The following information is provided in respect of Fedyou Ltd for calculation of income tax as required by Accounting Standard AASB112 Income Taxes

Fedyou Ltd commenced operations on 1 July 2007 with an issued share capital of $700,000. On that date the company purchased a number of property plant and equipment (PPE) assets, details of which are provided below:

                                Land          Plant        Computers    Vehicles

Cost                      $100,000   $200,000    $100,000      $50,000

Depreciation

Rate:

Accounting                 -              15%             25%             30%

Tax                             -               10%             50%             40%

Method                                   Straight        Straight          Straight

                                                Line             Line               Line

Carrying Amount

30 June 2008       150,000       170,000        75,000          35,000

The Statement of Profit and Loss for the year ended 30 June 2008 was as follows:

Sales                                                                                  $520,000

Interest Revenue                                                                   40,000

Government Grant (exempt from tax)                                  40,000

Total Revenue                                                                     600,000

Cost of Goods Sold                                      200,000

Salaries and Wages                                        60,000

Depreciation Plant                                         30,000

Depreciation Computers                                25,000

Depreciation Vehicles                                   15,000

Rent                                                               18,000

Doubtful Debts                                              30,000

Insurance                                                         5,000

Long Service Leave                                        3,000

Other Expenses                                               9,000

Total Expenses                                                                  395,000

Profit before Tax                                                               205,000

Additional Information:

- The current tax rate is 30%

- Insurance of $23,000 was paid during the year. Of this amount $18,000 was considered to be prepaid for the coming financial year

-  Rent is paid in arrears. $10,000 is due at end of current year and $8000 has been paid in cash.

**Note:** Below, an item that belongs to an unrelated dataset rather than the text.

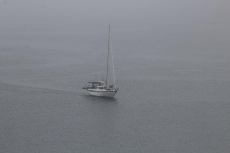 CAM00317 CAM00318 CAM00320IMG_6387John and I had hoped to find at least one geocache during our stop here but the nearest one showing on the GPS was almost half a kilometer back through town and when we got to the site it had a second set of co-ordinates to follow which would have taken us even further away from the pier.  The last tender left the dock at 2:30 and it was getting close to 2 o’clock by then so we walked back and caught a tender back to the ship.  The fog was still so thick we were almost upon the ship before it was visible; one moment there was a solid white wall and the next there was a ghostly-looking ship skulking out of the mist.

-  Interest Revenue will be received in the coming financial year.

-  No bad debts were written off during the current year

-  No payments for long service leave were made during the current year.

At 30 June 2008 the Statement of Financial Position of Fedyou Ltd was as follows:

Assets                                                                              $'000

Cash                                                                                   805

Prepayments                                                                        18

Receivables                                                                          300

Less

Allowance for Doubtful Debts               30                       270

Inventory                                                                           170

Property Plant and Equipment              500

Less:

Accumulated Depreciation                    70                        430

Interest Receivable                                                              40

Total Assets                                                                     1733

Liabilities

Accounts Payable                                                              280

Accrued Expenses                                                               10

Loan                                                                                  485

Long Service Leave Provision                                              3

Deferred Tax Liability                                                        15

Total Liabilities                                                                 793

Equity

Share Capital                                                                     700

Retained Profits                                                                 205

Asset Revaluation Surplus                                                  35

Total Equity                                                                       940

Total Liabilities and Equity                                             1733 

Additional information:

- Land was revalued upward by $50,000 at 30 June 2008

- The written down values for tax purposes at 30 June 2008 for other PPE assets were Plant $180,000, Computers $50,000 and Vehicles $30,000. 

Required:

- Calculate taxable income and current tax liability for Fedyou Ltd for year ended 30 June 2008 including journal entry to record these amounts (show all workings)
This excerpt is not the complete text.